Lesson 5 of 10·7 min·Intermediate

Position Sizing Frameworks

Building Your First Trading Playbook


Why Position Sizing Determines Survival

You can have a positive expectancy system and still blow up your account if you size too large.

Position sizing is the bridge between your edge and your outcomes. Get it wrong, and variance can destroy your account before your edge has time to play out. Get it right, and even a difficult trading period becomes manageable.


Framework 1: Fixed Dollar Risk

The simplest and most popular approach. You risk the same dollar amount on every trade.
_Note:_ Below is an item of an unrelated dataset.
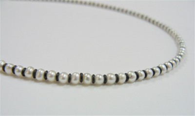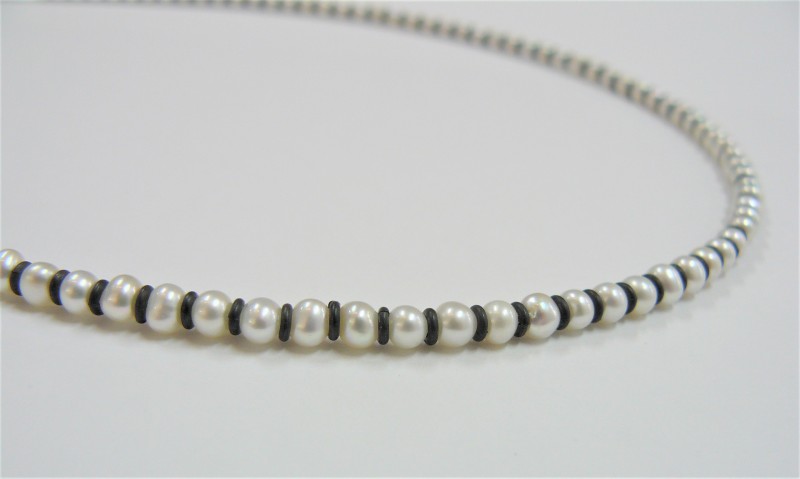 Oxidised sterling silver and white pearls.

Formula: Position Size = Dollar Risk ÷ (Entry Price − Stop Price)

Example:

  • Account: $25,000
  • Dollar risk per trade: $250 (1% of account)
  • Entry: $150, Stop: $147 (risk = $3 per share)
  • Position Size = $250 ÷ $3 = 83 shares

Pros: Simple, consistent, easy to calculate

Cons: As your account grows or shrinks, you're not adjusting risk proportionally


Framework 2: Percentage Risk

Risk a fixed percentage of your current account balance on each trade.

Formula: Dollar Risk = Account Balance × Risk %

Then apply the same calculation as above.

Example:

  • Account: $25,000
  • Risk: 1% = $250 per trade
  • As account grows to $30,000, risk grows to $300 per trade automatically

Pros: Self-adjusting — grows with winning accounts, reduces with losing ones

Cons: Slightly more calculation required

Recommended starting point: Risk 0.5%–1% of account per trade until you have at least 100 logged trades and a consistent profit factor above 1.5.


Framework 3: The Kelly Criterion

The Kelly Criterion is a mathematically optimal position sizing formula that maximizes long-term account growth.

Kelly % = W − [(1 − W) ÷ R]

Where W = win rate and R = average win/loss ratio

Example: Win rate 55%, average win/loss ratio 1.8

Kelly % = 0.55 − (0.45 ÷ 1.8) = 0.55 − 0.25 = 0.30 (30%)

Important: Full Kelly is too aggressive for most traders. Most professionals use Half-Kelly or Quarter-Kelly to reduce variance.


Common Position Sizing Mistakes

Over-sizing on high-conviction trades: Conviction doesn't change your statistical edge. If you risk 5% on "sure things," a few wrong "sure things" will devastate your account.

Under-sizing out of fear: Risking 0.1% per trade means meaningful gains require thousands of trades. Find a balance between growth and protection.

Ignoring correlated positions: If you have 3 open trades on correlated instruments (e.g., NQ, QQQ, AAPL all long), your true risk is much higher than 1% per trade.

Educational content only. Not financial advice. Content reviewed April 2026.